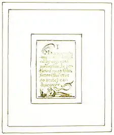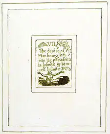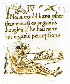 | Plate a7 (IV) | ![]() | IV None could have other than natural or organic thoughts if he had none but organic perceptions | A man sits on the ground with his back against a tree, playing a pipe. He wears a hat decorated with feathers. The landscape on the right features a small hill and a grove of trees. A single tree extends up the left margin. Three birds fly above the text and on each side of the heading. | From Copy G. The image could depict the "organic perceptions" mentioned in the text—the piper is creating his art by means of an organic process.[43] However, although he creates his art via his physical organs, it is a process dependent on imagination, and as such, Bindman believes the birds symbolise the music of the poet, flying upwards into infinite air and thus beyond the organic perceptions which seem to triumph in the previous plate.[42] |
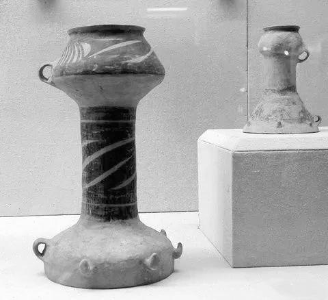細細考究這些器物,彩陶鼓由喇叭形大頭和呈罐口、盤口造形的小頭,長形圓筒狀的中腔三部分組成,前后貫通。而在靠近喇叭口外沿,卻分布著6-12個鷹爪狀泥突。顯然,它們是為了掛住某些東西。
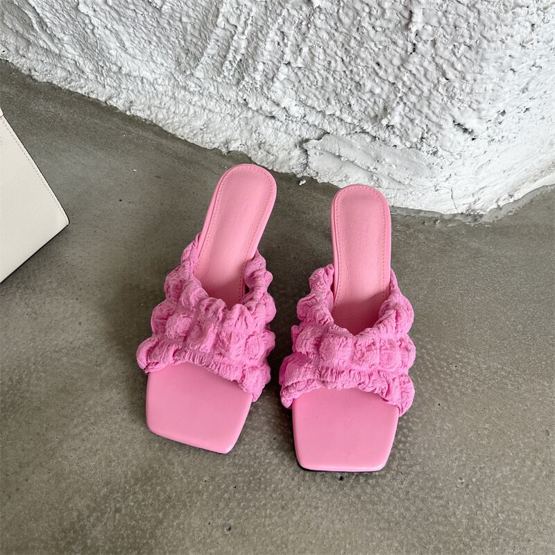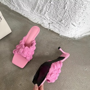 立体感のあるデザインが女性らしく可愛いスクエアトゥサンダル
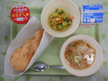 サラダは「カリカリサラダ」です。もやし・人参・キャベツ・枝豆・コーンを茹でて冷まし、ドレッシングで和えました。食べるときに、別配のポテトチップスを混ぜて食べましょう。 今日のスープに入っているマカロニは、米粉で作られたものです。もちもちした食感を楽しんでください。
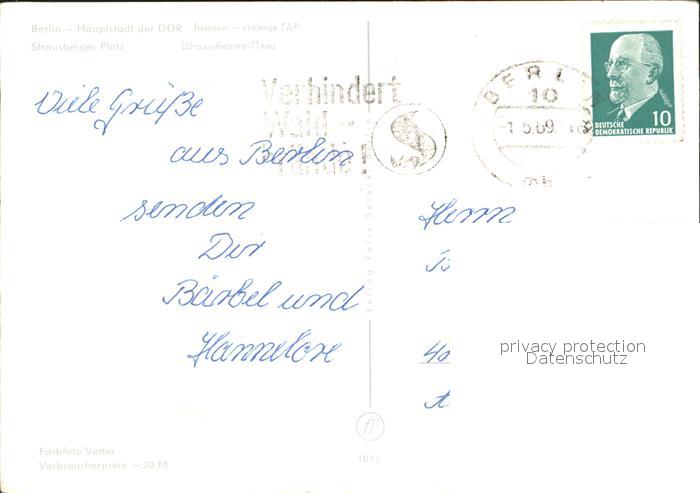 72137837 alte Postkarte BERLIN CITY Strausberger Platz Wasserspiele postalisch gelaufen KatCode: 11110011000000
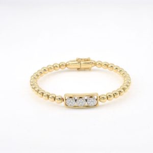 Yellow Gold And Diamond Bead Slide Bracelet$3,275.00$3,275.00 18kt yellow gold bead slide bracelet. Magnetic closing with two safeties on either side. Round,square and flower diamond moving pieces. 23 diamonds- .40cts. G-H color. VS2-SI1. Also have pink and white gold available. Contact Us
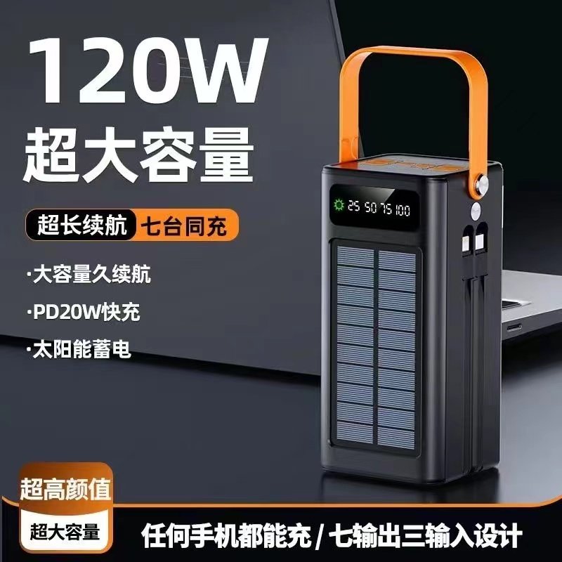 自带线太阳能充电宝超大容量120000毫安骑行直播户外超级快充120W
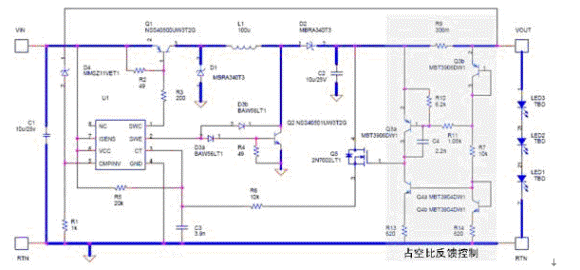 除了單純的降壓或升壓拓撲結構,在某些環境下,也需要降壓-升壓拓撲結構,如從標準電源輸入端驅動LED串;此外,在輸入電壓和LED負載電壓交疊的場合中使用這種拓撲結構也很常見。而NCP3065也能夠配置為降壓-升壓控制器。這種架構需要2個電源開關。雖然NCP3065本身也包含1個電源開關,但我們可以使用1個低VCEsat PNP/NPN對管來獲得更高轉換效率。這是一種可擴展的方案,整流器和電源開關都能夠根據具體的輸入和輸出電壓以及電流電平來調整。值得一提的是,諸如NSS40500UW3這樣的低VCEsat晶體管采用小巧的2×2 mm封裝,提供極佳的性能。
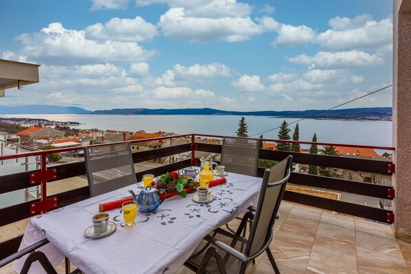 Renovated flat with sea view, fitness room, baby cot, barbecue area
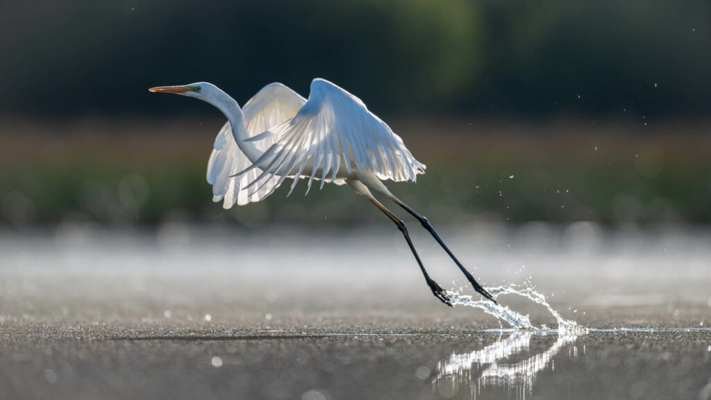 Grande aigrette photographiée décollant d'un petit étang au lever du jour
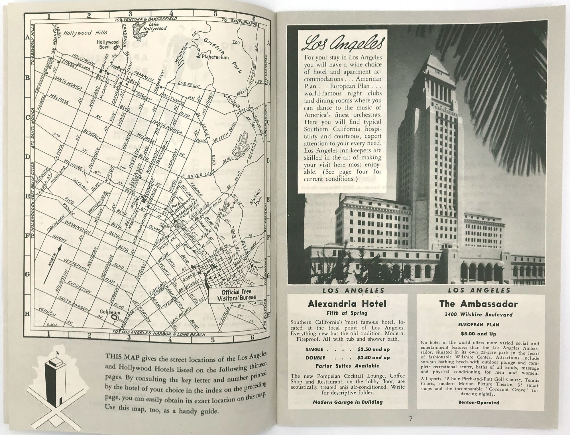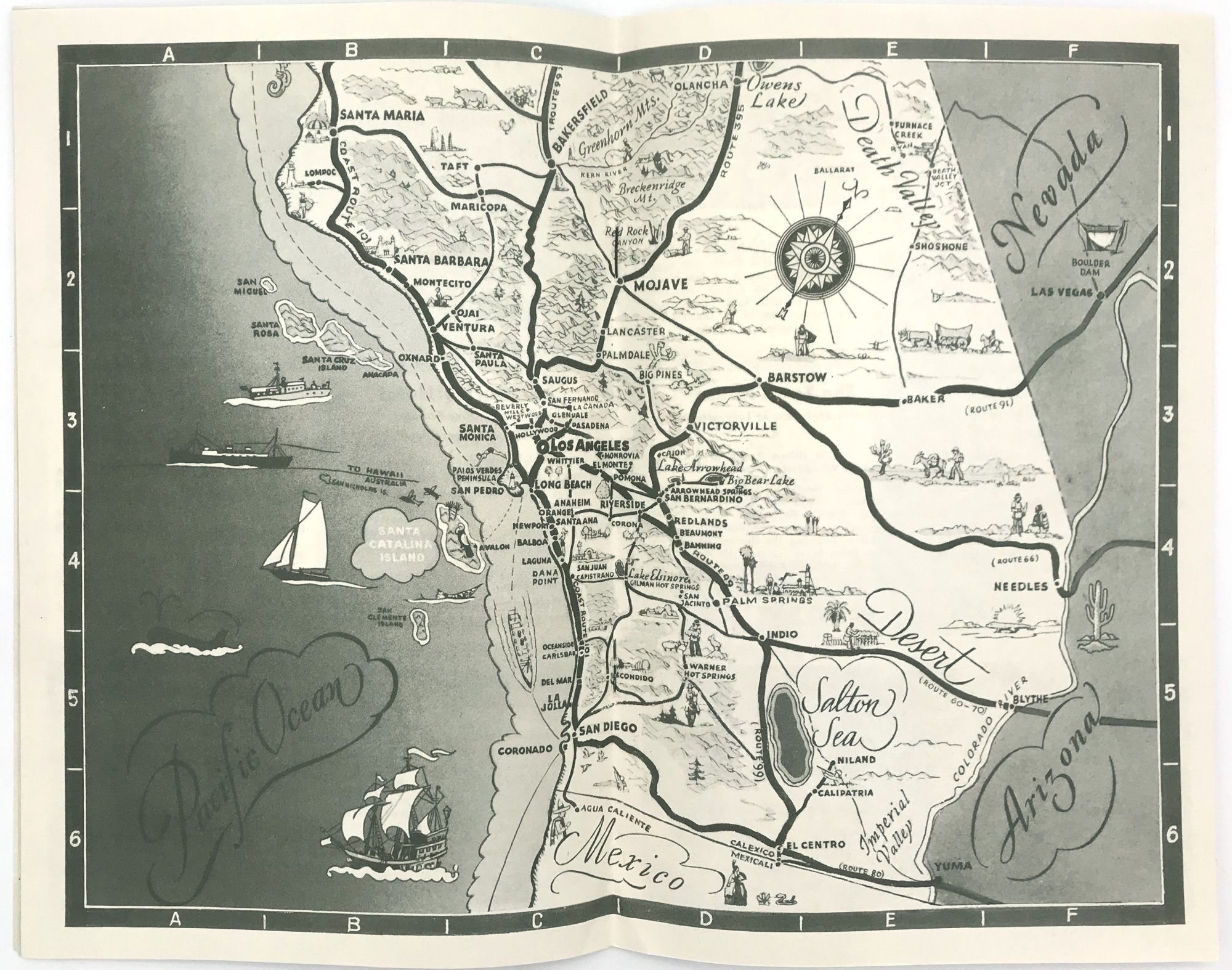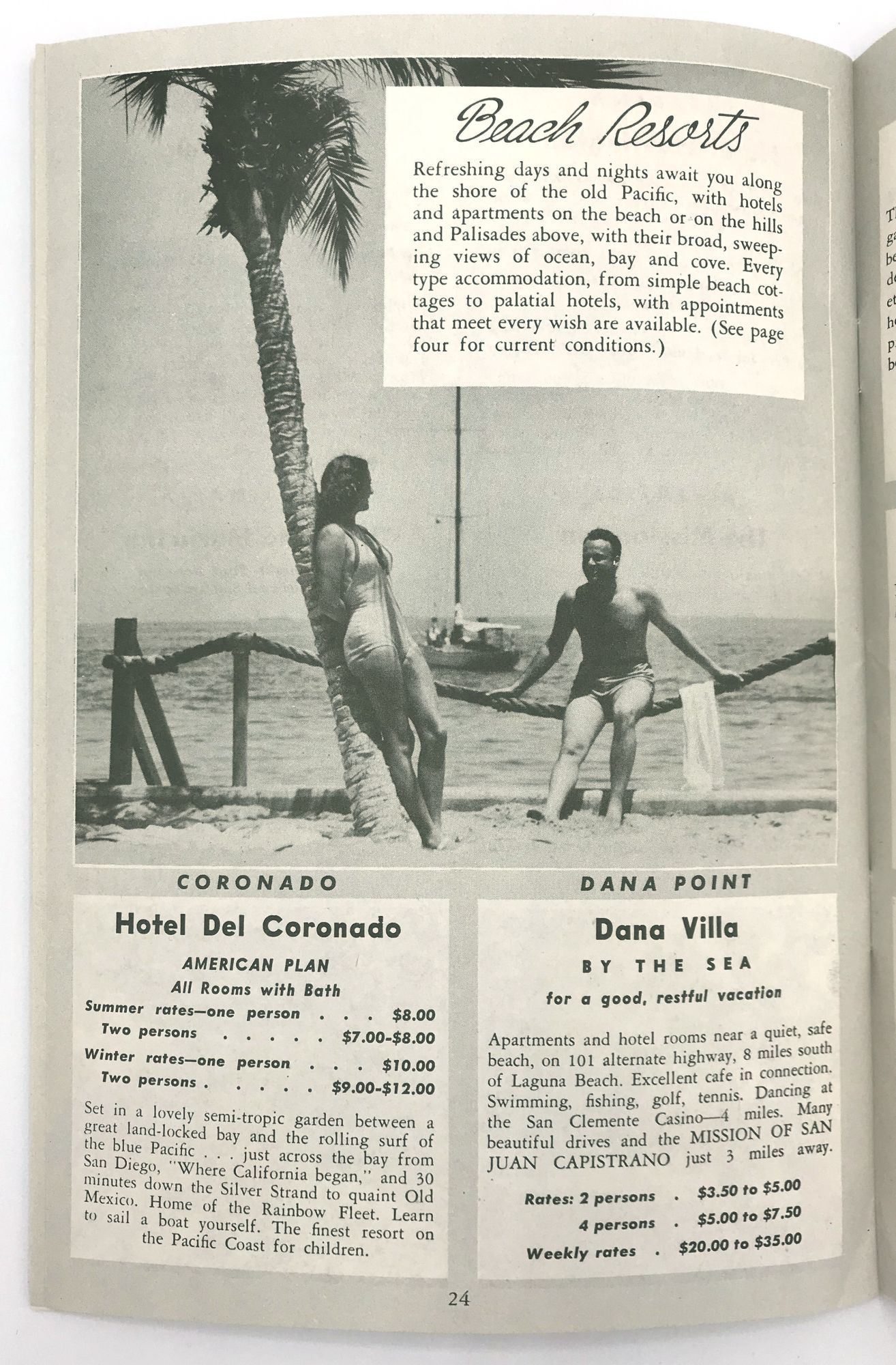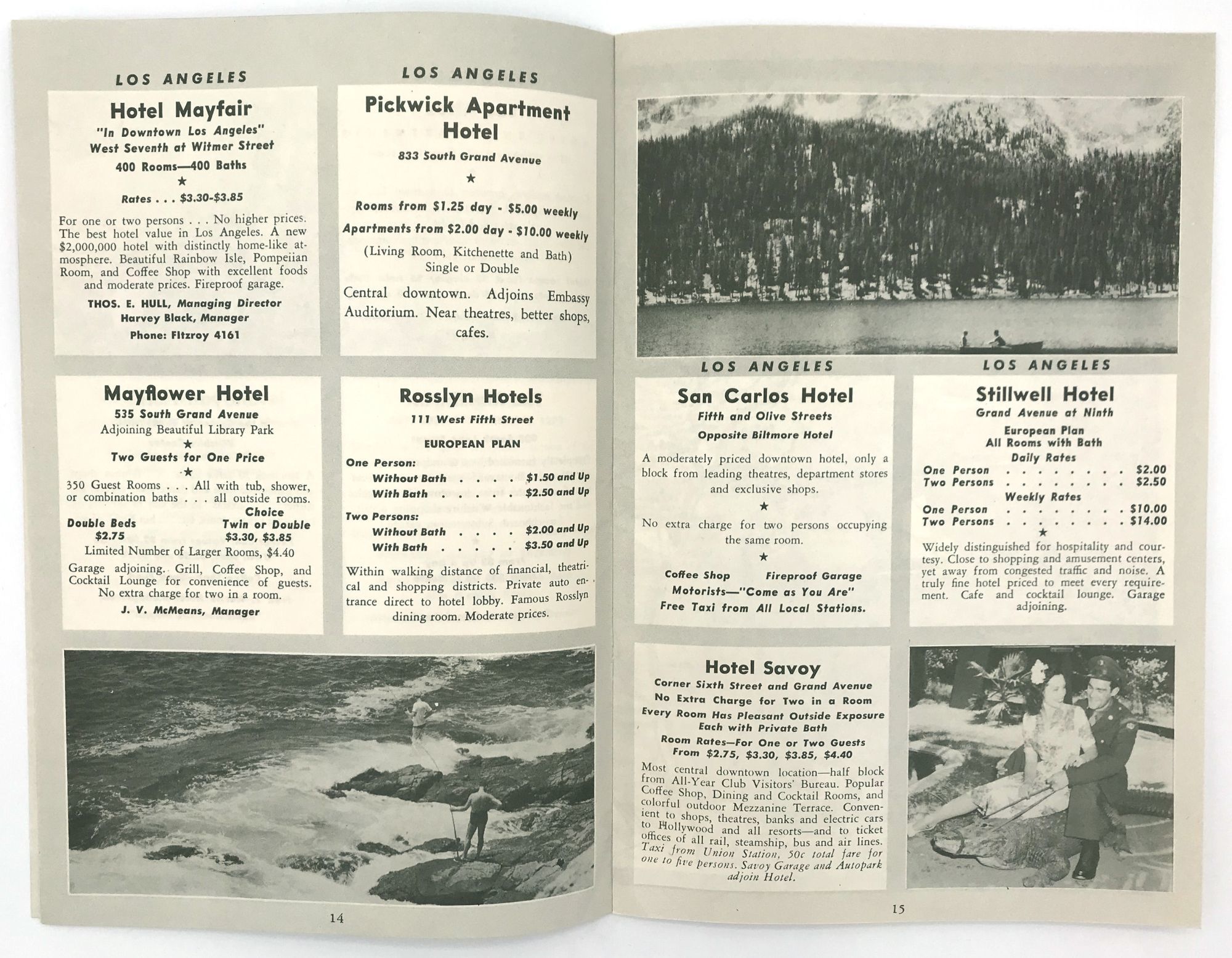 The Tourism brochure from 1945 advertising hotels and tourist attractions in Southern California during the "Victory Vacation Year" following WWII: "Plan your Victory Vacation Now!" (upper wrapper verso). Young couples--men still in their military garb--frolic throughout the brochure's photographs, engaging in activities such as surfing, sailing, alligator wrestling (yes, it's true, see p. 15), sightseeing, and horseback riding. Hotels, apartments, ranches and resorts are listed throughout the with prices and amenities. One full-page map (p. 6) and one illustrated map as a double-page spread (pp. 16-17). The All-Year Club of Southern California was started in the 1920s, and was tasked with "selling" Los Angeles as a tourist destination; it marketed the city as a hot spot for young people.

#### PROBLEM DESCRIPTION:
Output the data verbatim, images excluded.

#### RESPONSE AREA:
 | Plate a7 (IV) | ![]() | IV None could have other than natural or organic thoughts if he had none but organic perceptions | A man sits on the ground with his back against a tree, playing a pipe. He wears a hat decorated with feathers. The landscape on the right features a small hill and a grove of trees. A single tree extends up the left margin. Three birds fly above the text and on each side of the heading. | From Copy G. The image could depict the "organic perceptions" mentioned in the text—the piper is creating his art by means of an organic process.[43] However, although he creates his art via his physical organs, it is a process dependent on imagination, and as such, Bindman believes the birds symbolise the music of the poet, flying upwards into infinite air and thus beyond the organic perceptions which seem to triumph in the previous plate.[42] |
細細考究這些器物,彩陶鼓由喇叭形大頭和呈罐口、盤口造形的小頭,長形圓筒狀的中腔三部分組成,前后貫通。而在靠近喇叭口外沿,卻分布著6-12個鷹爪狀泥突。顯然,它們是為了掛住某些東西。
 立体感のあるデザインが女性らしく可愛いスクエアトゥサンダル
 サラダは「カリカリサラダ」です。もやし・人参・キャベツ・枝豆・コーンを茹でて冷まし、ドレッシングで和えました。食べるときに、別配のポテトチップスを混ぜて食べましょう。 今日のスープに入っているマカロニは、米粉で作られたものです。もちもちした食感を楽しんでください。
 72137837 alte Postkarte BERLIN CITY Strausberger Platz Wasserspiele postalisch gelaufen KatCode: 11110011000000
 Yellow Gold And Diamond Bead Slide Bracelet$3,275.00$3,275.00 18kt yellow gold bead slide bracelet. Magnetic closing with two safeties on either side. Round,square and flower diamond moving pieces. 23 diamonds- .40cts. G-H color. VS2-SI1. Also have pink and white gold available. Contact Us
 自带线太阳能充电宝超大容量120000毫安骑行直播户外超级快充120W
 除了單純的降壓或升壓拓撲結構,在某些環境下,也需要降壓-升壓拓撲結構,如從標準電源輸入端驅動LED串;此外,在輸入電壓和LED負載電壓交疊的場合中使用這種拓撲結構也很常見。而NCP3065也能夠配置為降壓-升壓控制器。這種架構需要2個電源開關。雖然NCP3065本身也包含1個電源開關,但我們可以使用1個低VCEsat PNP/NPN對管來獲得更高轉換效率。這是一種可擴展的方案,整流器和電源開關都能夠根據具體的輸入和輸出電壓以及電流電平來調整。值得一提的是,諸如NSS40500UW3這樣的低VCEsat晶體管采用小巧的2×2 mm封裝,提供極佳的性能。
 Renovated flat with sea view, fitness room, baby cot, barbecue area
 Grande aigrette photographiée décollant d'un petit étang au lever du jour
 The Tourism brochure from 1945 advertising hotels and tourist attractions in Southern California during the "Victory Vacation Year" following WWII: "Plan your Victory Vacation Now!" (upper wrapper verso). Young couples--men still in their military garb--frolic throughout the brochure's photographs, engaging in activities such as surfing, sailing, alligator wrestling (yes, it's true, see p. 15), sightseeing, and horseback riding. Hotels, apartments, ranches and resorts are listed throughout the with prices and amenities. One full-page map (p. 6) and one illustrated map as a double-page spread (pp. 16-17). The All-Year Club of Southern California was started in the 1920s, and was tasked with "selling" Los Angeles as a tourist destination; it marketed the city as a hot spot for young people.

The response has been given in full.